Hey guys, as you know, the PS4 has the ability to record the past gameplay by intervals of 1, 3, and 5 minutes. So for example, if I am playing (not recording or streaming), but I do something I want to save, I can hit the "share" button" and it saves the past minute (since I have it set to 1 minute). The issue is that it is very cumbersome to move the clips back and forth to the computer, so it would be nice if I could just abandon the PS4 feature altogether and just use OBS. Other programs have this ability and call it various things. Bandicam has it, NVIDIA shadowplay has it, and even the Hauppauge software now has this feature. My problem is that I am on Mac, and none of these are available on mac. OBS can take it even a step further by allowing to select "save past 1, 2, 3, etc minutes" on the fly instead of being locked to one interval at the settings. As far as I know OBS doesnt currently support this "record back in time" feature, although it may and I just havent found it. This feature is very important because it allows me to only save the parts I like when they happen, as opposed to having to preemptively just record EVERYTHING and then having to go and find the part I like in a NLE.


----------



## Herolordman (Oct 2, 2015)

2 things.

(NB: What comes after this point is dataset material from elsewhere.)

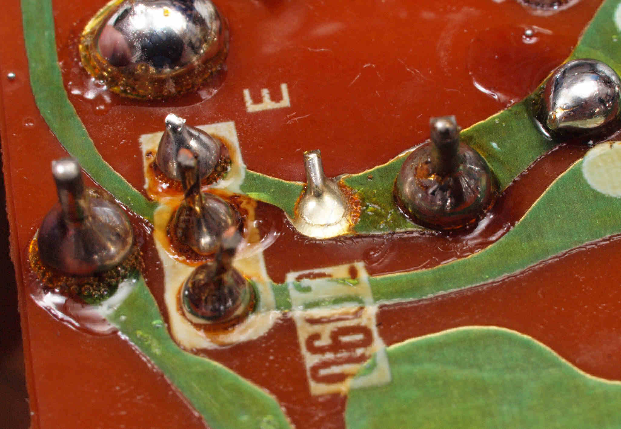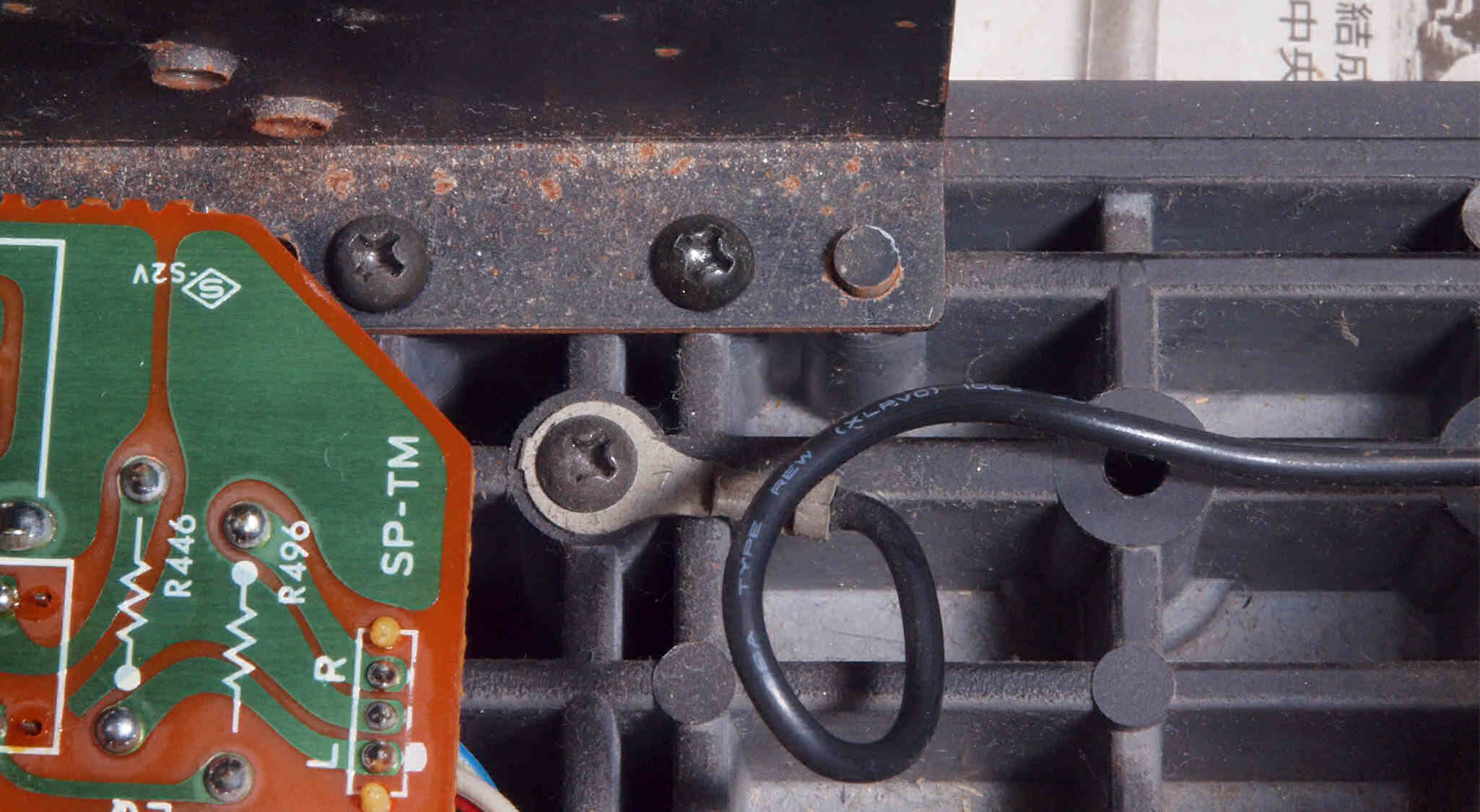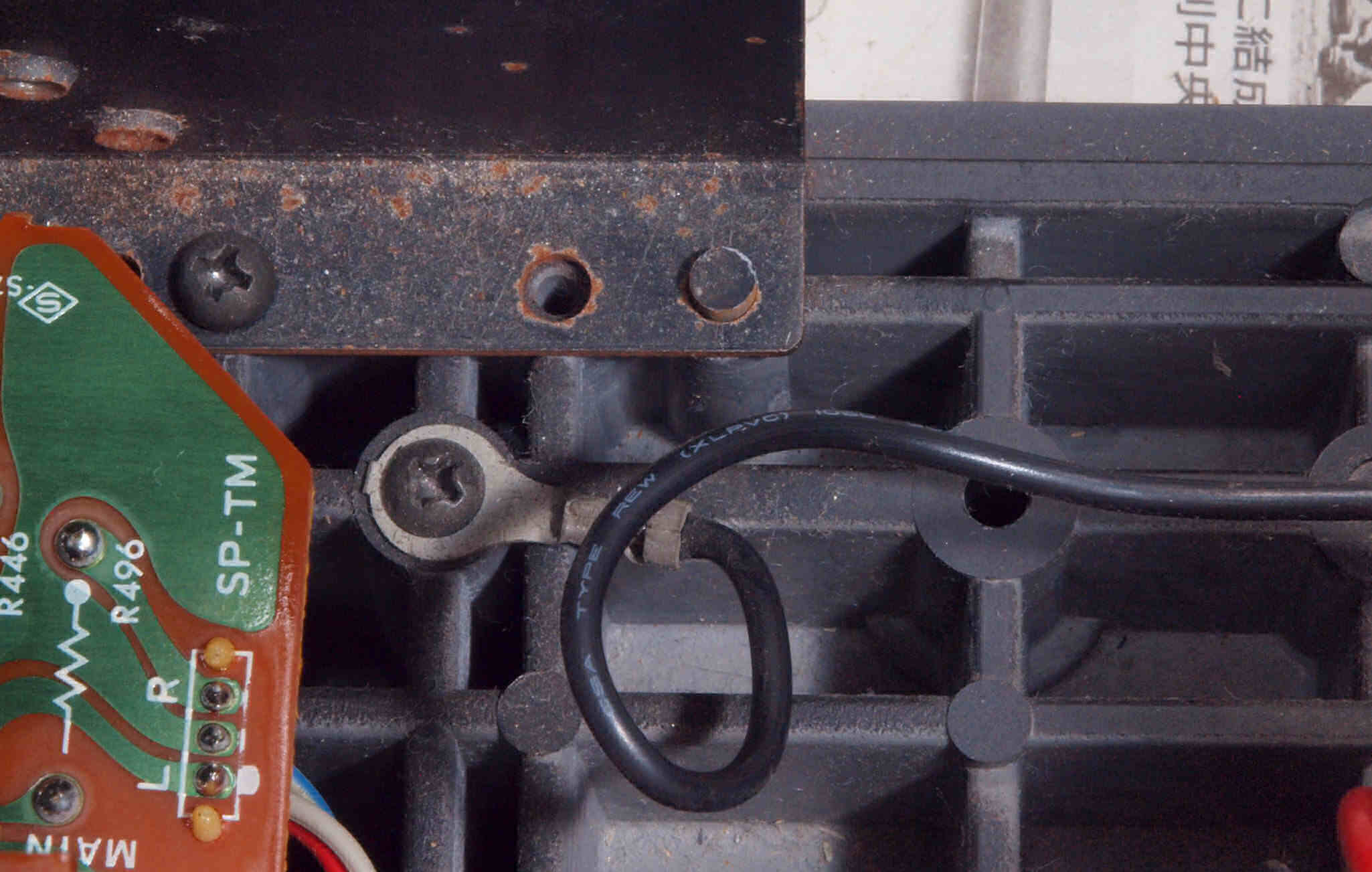 CI2. 修理中 SP出力端子裏 使用済み吸い取り線で補強する。

I notice that there is an OBS feature called "replay buffer" that is supposed to do this, but I cannot find it. Secondly, I can add a "stream" delay, and choose as many seconds as id like, so now I just need to be able to send that "stream" to my computer somehow so that it is streaming a minute behind on my computer and then I record when I want to save the past minute.


----------



## dodgepong (Oct 2, 2015)

Replay buffer is only available in the old OBS, it has not been added to OBS MP yet. It will be added eventually.


----------



## Herolordman (Oct 3, 2015)

Since it has the ability to at least delay a stream, is there a way to stream to myself somehow, and then when something I want to record happens, I simply record a capture of the delayed stream coming into my computer?


----------



## dodgepong (Oct 4, 2015)

No.


----------